Thomas Lecky (centre), pioneer in cattle breeding, receiving the
first Noman Manley Award for Excellence, an illuminated scroll, from
Mrs. Edna Manley. Prime Minister, the Hon. Hugh Shearer,
applauds. File
Photo. |
DR. THE HON. THOMAS P. LECKY, PH.D., O.M., O. J.,
O.B.E. (1904-1994)
Thomas Lecky, was born on a
small farm in Portland in 1904. The first Jamaican to receive a
Ph.D. in
agriculture, his work would revolutionize the Jamaican dairy industry and
improve the lives of countless small farmers.
Young T.P.
received a merit scholarship to attend the Farm School at Hope Gardens in
St. Andrew (now part of the College of Arts and Sciences, CASE, Portland).

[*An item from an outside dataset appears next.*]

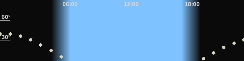 Höchster Stand (Kulmination)00:28 Uhr (h=40.6°)
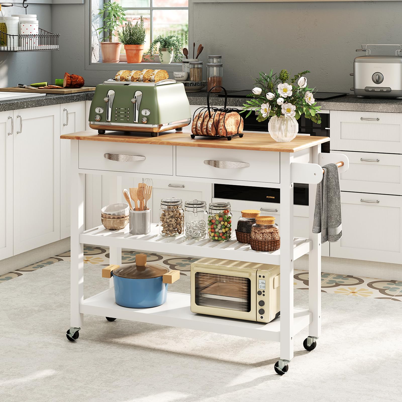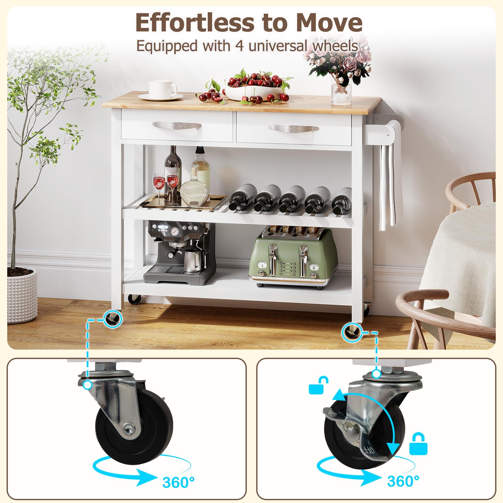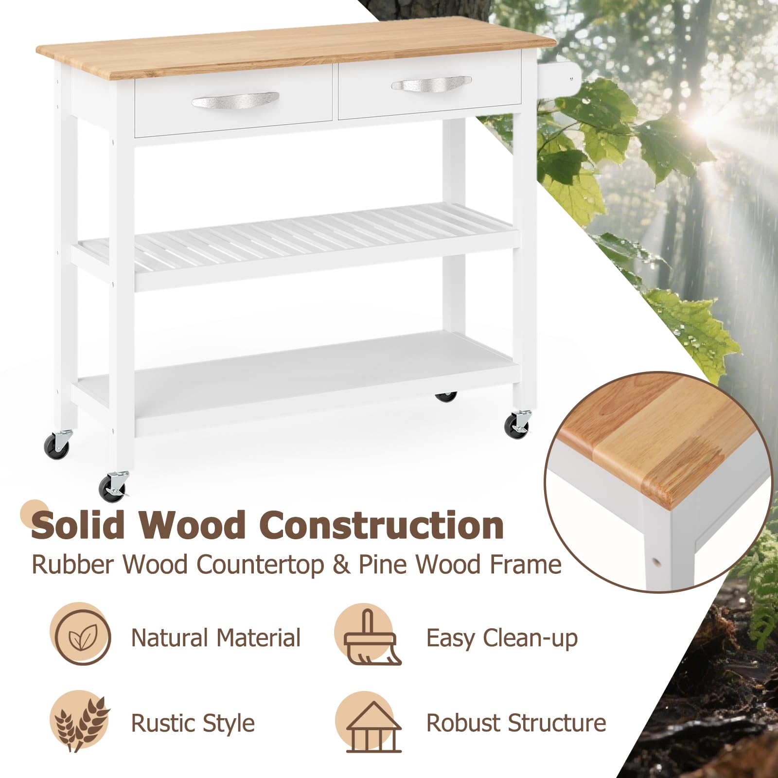 The spacious wooden countertop provides ample room for prep or serving, while the 2 drawers and 2 shelves offer extensive storage for kitchen essentials, keeping everything organized and accessible. Crafted with a rubber wood top and pine wood frame, this kitchen rolling cart ensures durability and stability. The mobile design with 4 universal wheels, including 2 lockable ones, allows easy transportation between kitchen and dining areas.

From an early age T.P. was closely attuned to the challenges of small
farming having watched his father lose his banana crop as a result of
hurricanes three years in a row. Aware too that many of his friends and
family members in Portland suffered from an unbalanced diet, he became
particularly interested in cattle, convinced that milk and beef could help
satisfy protein needs that were not being met. Livestock also seemed a
wiser bet than a focus on crops alone.
After
graduating, Lecky went to work for the government at Hope in 1925. He
became closely involved with assessing the suitability of new breeds of
cattle being introduced to Jamaica and testing their reaction to local
conditions. Lecky learned that the cattle in Jamaica at that time were not
well suited to life on hillsides where many small farmers had holdings.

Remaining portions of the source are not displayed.